▶ WHAT TO DO: Leaving out all pictures, write down exactly the lines from the one containing "Нож складной Ganzo" through the last line of the material.

******************************

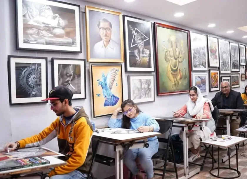 We provide specialized coaching to help students crack entrance exams for top art and design colleges like the College of Arts, Jamia Millia Islamia, and BHU. Our curriculum covers all required topics, including still life, composition, and figure drawing.
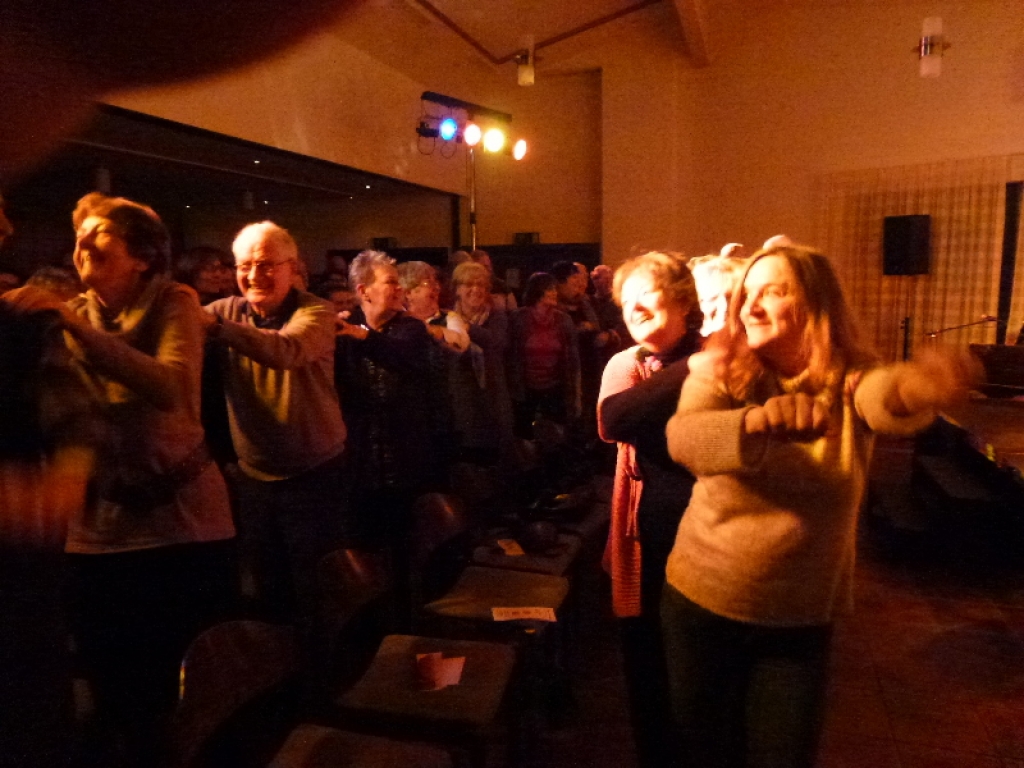 Muss man sich sonst in Kabarettvorstellungen vor der Einbeziehung des Publikums fast fürchten, brachten die drei Münchner KabarettistInnen ihr Gegenüber in begeisterte Stimmung, man übte anti-agend Auf und Nieder, versuchte den altersdeprimierten Protagonisten durch begeisterte Begrüßungsrufe die Depressionen zu vertreiben, lachte lauthals und raumgreifend und sang gefühlig Lieder mit, 17 Jahr, blondes Haar, in fein verändertem Text.
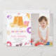 Gör en storslagen entré med denna soliga strandfödelsedagsinbjudan med foto! Med tropiska illustrationer som flip-flops, vågor och strandbollar, tillsammans med en plats för ditt barns foto, är denna redigerbara design perfekt för poolfester och strandfiranden. Anpassa namnet, åldern, festdetaljerna och ladda upp ditt favoritfoto med Zazzles enkla designverktyg. Perfekt för sommarfödelsedagar, strandaktiviteter och tropiska teman.
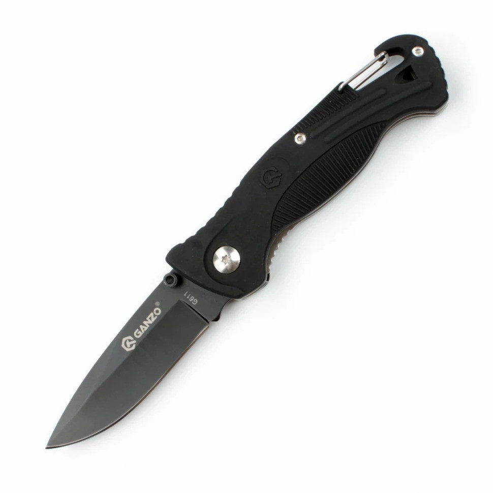 Нож складной Ganzo с зажимом и встроенным свистком, дл.клинка 75 мм, сталь 420С, цв. чёрный
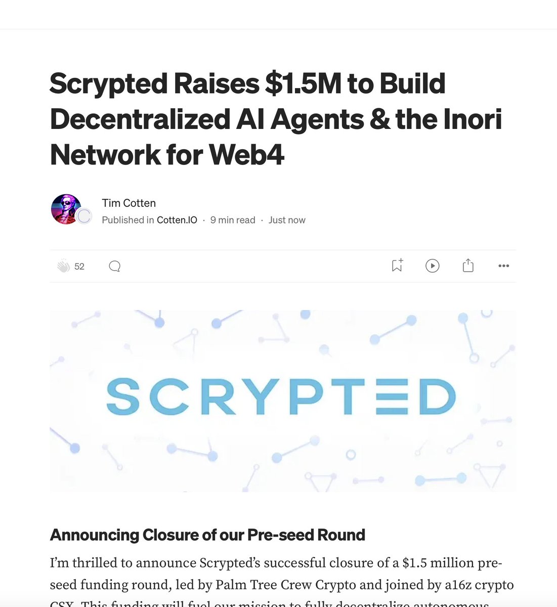 🤩 1/ I'm excited to announce that @scryptedinc has raised a $1.5M pre-seed round, led by @PalmTreeCrypto w/ participation from @a16zcrypto CSX, to build decentralized #aiagents and the Inori Network.
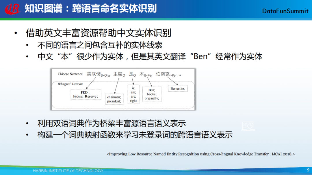 很多研究者对上述讲述的模型进行了扩展,并且将它们用在了不同的任务或领域上。这里给大家分享一个我们做的工作,即跨语言的命名实体识别(请见《Improving Low Resource Named Entity Recognition using Cross-lingual Knowledge Transfer. IJCAI 2018》)。该工作的主要思路是,借助于英文丰富的资源来帮助中文实体识别。由于不同语言之间包含互补的实体线索,在上图示例中,中文中的“本”很少作为实体,但是其英文翻译“Ben”却经常作为实体。因此,我们可以利用双语词典作为桥梁丰富源语言的语义表示,构建一个词典映射函数来学习未登录词的跨语言语义表示。
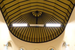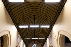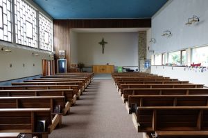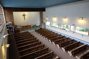 At the peak of a steep hill, this church was designed by George Lowe and Partners in 1959, it replaced a church of 1932 which still exists as a hall (and church in cold weather) hidden behind this church. The last few pictures show the interior of this building which had replaced another small early 20th century building. The lady chapel has a painting by John Hayward.
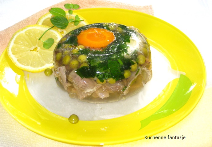 Galaretka z kurzych żołądków i podudzi z indyka.

******************************

▶ TASK OUTPUT:
 Нож складной Ganzo с зажимом и встроенным свистком, дл.клинка 75 мм, сталь 420С, цв. чёрный
 🤩 1/ I'm excited to announce that @scryptedinc has raised a $1.5M pre-seed round, led by @PalmTreeCrypto w/ participation from @a16zcrypto CSX, to build decentralized #aiagents and the Inori Network.
 很多研究者对上述讲述的模型进行了扩展,并且将它们用在了不同的任务或领域上。这里给大家分享一个我们做的工作,即跨语言的命名实体识别(请见《Improving Low Resource Named Entity Recognition using Cross-lingual Knowledge Transfer. IJCAI 2018》)。该工作的主要思路是,借助于英文丰富的资源来帮助中文实体识别。由于不同语言之间包含互补的实体线索,在上图示例中,中文中的“本”很少作为实体,但是其英文翻译“Ben”却经常作为实体。因此,我们可以利用双语词典作为桥梁丰富源语言的语义表示,构建一个词典映射函数来学习未登录词的跨语言语义表示。
 At the peak of a steep hill, this church was designed by George Lowe and Partners in 1959, it replaced a church of 1932 which still exists as a hall (and church in cold weather) hidden behind this church. The last few pictures show the interior of this building which had replaced another small early 20th century building. The lady chapel has a painting by John Hayward.
 Galaretka z kurzych żołądków i podudzi z indyka.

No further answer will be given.